I've found that Ruby is a very right-brain language in the sense that when you
analyze it at a low level, things don't seem to make sense. But at a high
level, it often does exactly what you'd want. Variable hoisting in 1.9 is the
perfect example of this.

OP claims to have been a "Rubyist", but it sounds like he's still fighting the
system and hasn't embraced it yet. It's like when people who are new to Lisp
complain about the parentheses or prefix notation. If you just go with it,
down the road you may find that these are some of its best features.

------
cheald
The first issue isn't really surprising once you understand how Ruby treats
variables.

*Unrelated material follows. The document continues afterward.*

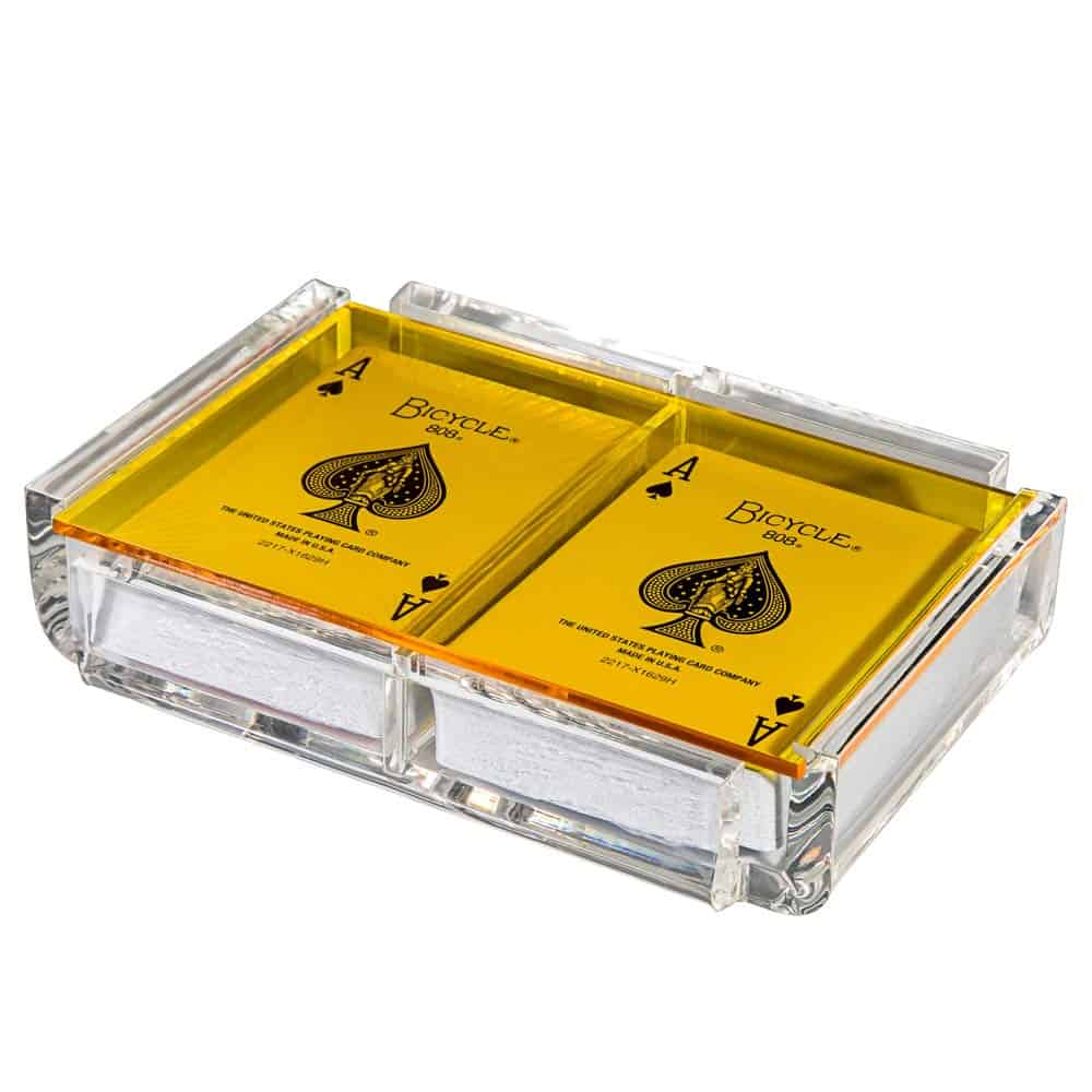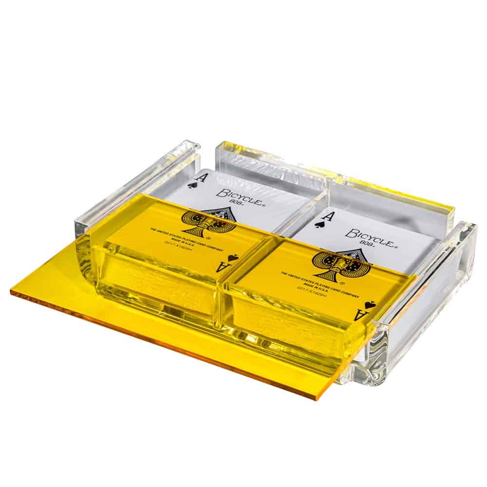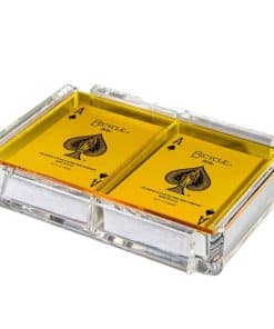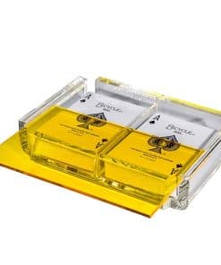 La Pinta es nuestro soporte de mazo de cartas de juego en una hermosa pieza acrílica moderna con una tapa de color. Este soporte/tray de cartas único viene con 2 mazos de cartas de juego Bicycle. Es ideal para cualquier tipo de ocasión, ya que es muy útil y práctico. Sirve como una gran idea de regalo para cualquier persona que quiera jugar cualquier tipo de juego de cartas como póker, black jack, bridge, espadas e incluso go fish!

I wrote about this a while ago for a more understandable case -
basically, Ruby initializes variables to nil as soon as a left-hand assignment
is encountered during a scope's parsing, regardless of context or
reachability.

[http://www.coffeepowered.net/2009/03/02/syntactic-sugar-
will...](http://www.coffeepowered.net/2009/03/02/syntactic-sugar-will-
occassionally-kick-your-puppies/)

Here's a cleaner way to visualize it:

    
    
      def foo
        if false
          bar = "baz"
        end  
        lambda { bin = "bang" }.call
        return local_variables, bar
      end
    
      def foo_two
        if false
          bar = "baz"
        end  
        lambda { bar = "bonk" }.call
        return local_variables, bar
      end
    
      puts foo.inspect
      puts foo_two.inspect
      => [["bar"], nil]
         [["bar"], "bonk"]
    

Obviously the code that initializes bar never gets run, but Ruby initializes a
local variable "bar" anyway, since there is a left-hand assignment to it
present in the method. The lamba defines a new scope, so its local variable
assignments don't leak to its containing scope, but in that scope, _unless
there was a variable named bin initialized in the outer scope already_ , which
is the case for the lambda in foo_two, which leaks the bar reference to its
containing scope since bar was defined in the outer scope at the time of the
lamba's definition.

------
michaelcampbell
I'm really torn on the "no parens for func calls" thing. It's so damned handy
for a majority of cases, but it breaks one my personal rules of "call things
what they are". If it's a function call it should look like one. Then this
unwelcome surprise wouldn't be a surprise at all. But, alas, I'm bound by
Goedel too and am not 100% internally consistent.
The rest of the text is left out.